Although cash and equivalent decreased sharply in 2014, Singpost still held large amount of cash which is enough to cover the current liability. The issuing of equity and the repayment of long term debt in past years lowered the financial leverage and credit risk of singpost.
Operating Cash Flow
Overall, the net income decreased from S$157M to S$131M in past five years due to high operating expenses. Although in terms of operating cash flow, the company seems to operate better than 5 years ago and adjusted cash generated from operations increased from S$217M in 2010 to S$259M in 2014. But after looking through the balance sheet, we found that the account receivable had a significant negative change while the account payable had a positive change in year 2014. So we knew that Singpost was improving its operating cash flow mainly by accelerating receivables and stretching out payables other than by operating more efficiently, which means there was little improving in the company’ s operation and such growth in cash inflow cannot sustain.
Investing Cash Flow
The investing cash outflow had been decreasing since year 2011. There was almost no cash spent on investment in financial assets before 2011 and the investing cash flow mainly consisted of purchase and sales of PP&E and investment on associates or dividend from associates and joint venture. Since 2011, Singpost began to purchase and hold large amount of financial asset. And in 2013, Singpost received a significant amount of proceeds from maturity of financial assets and used this money to finance acquisition of subsidies. The company didn’t buy much financial assets or acquire any subsidies in 2014, so the investing cash outflow in 2014 was less compared to former years.
Financing Cash Flow
The changes in financing cash flow from 2009 to 2014 were very fluctuating due to several reasons. Generally, the financing cash flow of Singpost includes debt repaid, debt issued, common stock issued and dividend repaid and usually the financing cash outflow was around S$140M. As we analyzed before, the dividend paid was quite constant and steady during all these years but other items changed frequently. Long-term debt of S$200M was issued in 2010, which we assume to finance the purchase of financial asset, resulting in a significantly positive cash inflow. And a similar large positive amount of cash inflow happened in 2012 due to issuance of S$351M of common stock. In 2014, Singpost repaid S$315M long-term loans by cash, which resulted in S$444M cash outflow.
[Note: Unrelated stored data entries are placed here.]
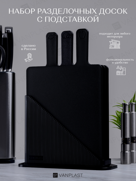 Набор разделочных досок ST VANPLAST: функциональность и удобство Набор разделочных досок ST VANPLAST представляет собой практичный и стильный аксессуар для Вашей кухни. В комплекте Вы получаете три разделочные доски размером 23,3х19,8 см каждая, а также удобную подставку для их хранения. Двухсторонняя конструкция досок позволяет использовать их с обеих сторон, что значительно продлевает срок службы и экономит место на Вашей кухне. Доски изготовлены из пищевого пластика, который не впитывает запахи и легко моется в посудомоечной машине. Это обеспечивает гигиеничность и удобство использования, а также позволяет поддерживать чистоту на Вашей кухне. В комплекте с досками идет удобная подставка, которая позволяет хранить их в одном месте и обеспечивает порядок на рабочей поверхности. Выбирая набор разделочных досок ST VANPLAST, Вы получаете не только стильный и практичный аксессуар для Вашей кухни, но и надежный инструмент для приготовления пищи, который прослужит Вам долгое время.
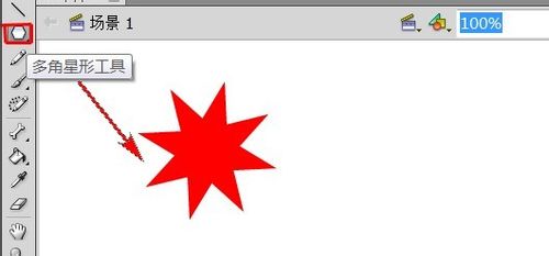 3、在工具栏选择“多角星形工具”,利用“多角星形工具”中“星形样式”在舞台中拖出一个八角星。
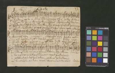 [pl-text: Pieczęć: „CATH. CRAC. * ARCH. CAPIT.” umieszczone na stronach recto wszystkich kart.], [pl-text: Karta tytułowa dodana współcześnie.], [pl-text: Foliacja w źródle naniesiona ołówkiem. Dodana do głosu Basso ripieno mniejsza luźna kartka (z zapisem końcówki utworu) oznaczona jako f. 5a.], [pl-text: Na f. 1r naniesiona ołówkiem sygnatura.], [pl-text: Po lewej stronie numeru "1" na pierwszej karcie widoczny zapis ołówkiem "ch. 24 (ujęte w kwadratową ramkę, również zapisaną ołówkiem).], [pl-text: Partia B rip spisana na innym papierze, prawdopodobnie dodana później. Na stronie verso f. 5 widoczny zapis tekstem ciągłym w języku polskim. Na odwrocie dodanej do partii mniejszej karty fragment zapisu nutowego innej kompozycji.], [pl-text: W partii B rip zapis tylko pierwszej kompozycji.]
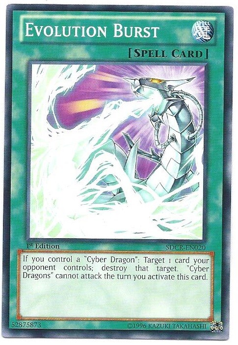 PICTURE IN LISTING IS ONLY FOR EXAMPLE ,it is a stock picture. Item condition is listed as "Used" because Ebay requires UPC codes for any item that is listed as "New", and trading cards do not have UPC Codes, so they must be listed as "Used". Card condition is listed in the listing title and in the item description. Rarity and edition of the card are described in the listing title and description. From this listing you will receive 3 card(s) for each purchase Description Set : Cyber Dragon Revolution Name : Evolution Burst Number : SDCR-EN020 Rarity : Common Condition : Near Mint Language : English We get your package in the mail quickly, please rate our service based on how quickly we gave your package to the post office. Not on how long it took the post office to deliver it. As we all know we cannot control that. If you have concerns about our shipping service, please send us a message and we will gladly talk to you about it and explain it. Domestic Buyers: Domestic orders within the United States are shipped for one flat rate, no cost for additional cards purchased on the same invoice. International Buyers: International orders are shipped First Class Mail International with and an additional item fee of $0.50. Orders over $50.00 USD require additional postage fees because of shipping method changes. SPECIAL REQUIREMENTS For International Orders Any International order greater than $100.00 USD will require shipment by : USPS Global Express Mail This is a flat rate service and you may ship cards totaling up to 16 ounces, the weight limit on the package. The following International Countries can request USPS First Class Mail International Package as the shipment method for orders over $50.00 USD as this service provides electronic tracking to these countries. This service is more expensive than the normal USPS First Class Mail International service, but cheaper than USPS Priority Mail International. Australia Gibraltar Netherlands Belgium Great Britain New Zealand Canada Hungary Northern Ireland Croatia Israel Portugal Denmark Latvia Singapore Estonia Lithuania Spain Finland Luxembourg Switzerland France Malaysia Germany Malta Special Handling of International orders : We reserve the right to hold and/or cancel any International order in which it appears the buyer is attempting to circumvent our Global Express shipping requirements by breaking up larger purchases into smaller orders. Orders made within a 30 day window and having previous orders that have not yet been acknowledged as received, via Feedback and Ebay messages will be subject to this condition and may be held until all previous orders have been acknowledged as received. International Buyers – Please Note: Import duties, taxes and charges are not included in the item price or shipping charges. These charges are the buyer's responsibility. Please check with your country's customs office to determine what these additional costs will be prior to bidding/buying. SHIPPING: Every attempt is made to send your item out within 1 business day of receipt of payment. Check our feedback! Pre-sell items are shipped within 1 business day of us getting merchandise in hand. Default Shipping Methods: Domestic Orders: Shipped First Class Mail Cards will be shipped with a Hard Sleeve and/or a Soft Sleeve for protection in accordance with eBay's standard envelope policy. International Orders: Shipped First Class Mail International Cards will be shipped with a Hard Sleeve and/or a Soft Sleeve for protection in accordance with eBay's standard envelope policy. We use all new and clean products to package your cards. If you have any questions, please do not hesitate to ask!

In all, although Singpost had S$224M net cash outflow in 2014, but since it was previously hoarding too much cash, it still has S$404M of cash in its balance sheet, which can surely cover the expenses, reinvestment and dividend occurred every year. In fact, S$404M is still a large amount of cash, so Singpost may consider spend some on investment or development.
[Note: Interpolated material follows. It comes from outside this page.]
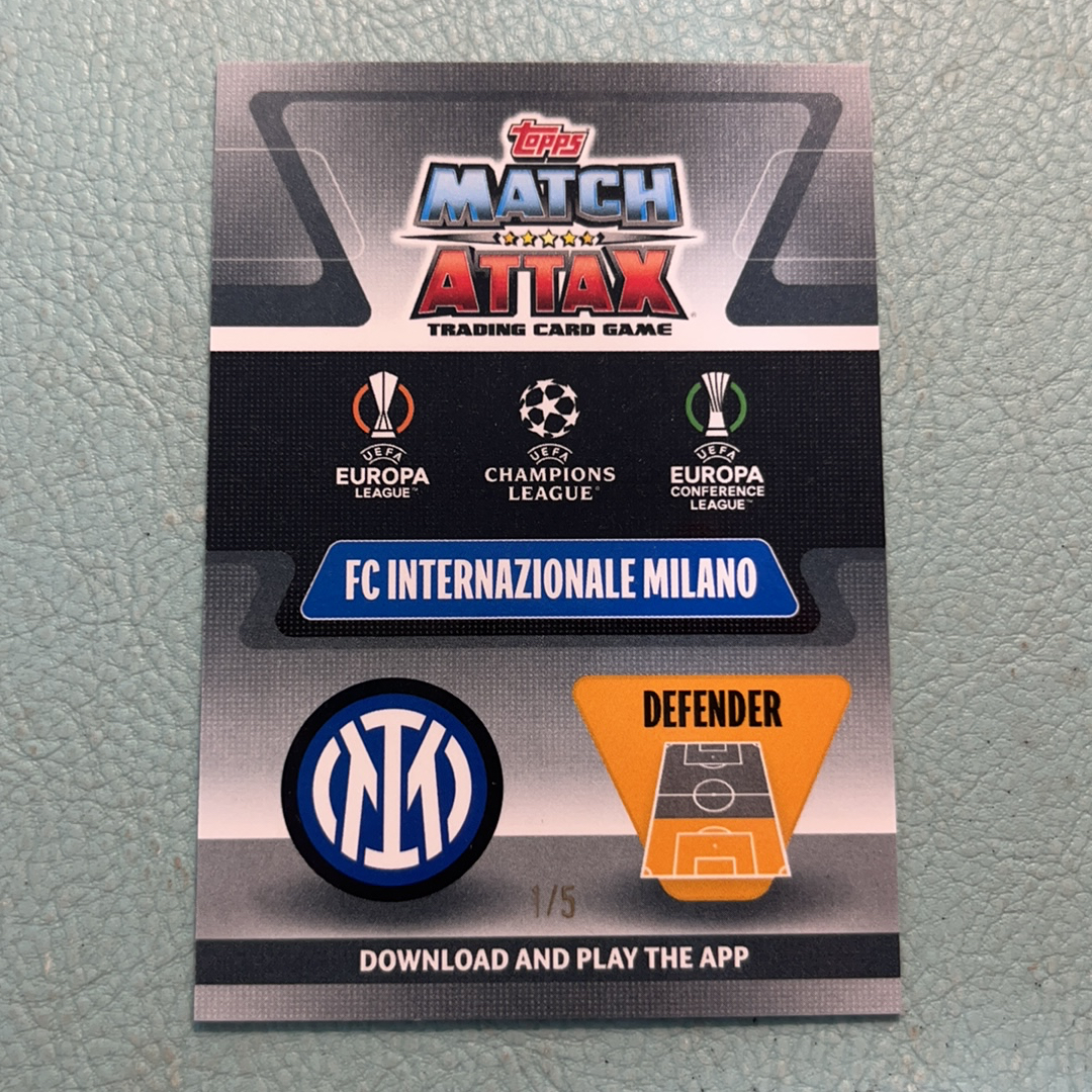 2024 Topps Match Attax Milan Skriniar 米兰 什克里尼亚尔 斯洛伐克 国际米兰 巴黎圣日耳曼 欧冠 游戏版 1/5编 首编 低编 卡品看图kz

In terms of the operating cash inflow, Singpost is gradually recovering from the industrial structural adjustment in 2012. But the financing cash flow is too fluctuant and unpredictable, which makes cash flow projection more difficult. If we cut out the influence of financing cash flow, the changes in net cash flow showed that Singpost had a healthy cash inflow.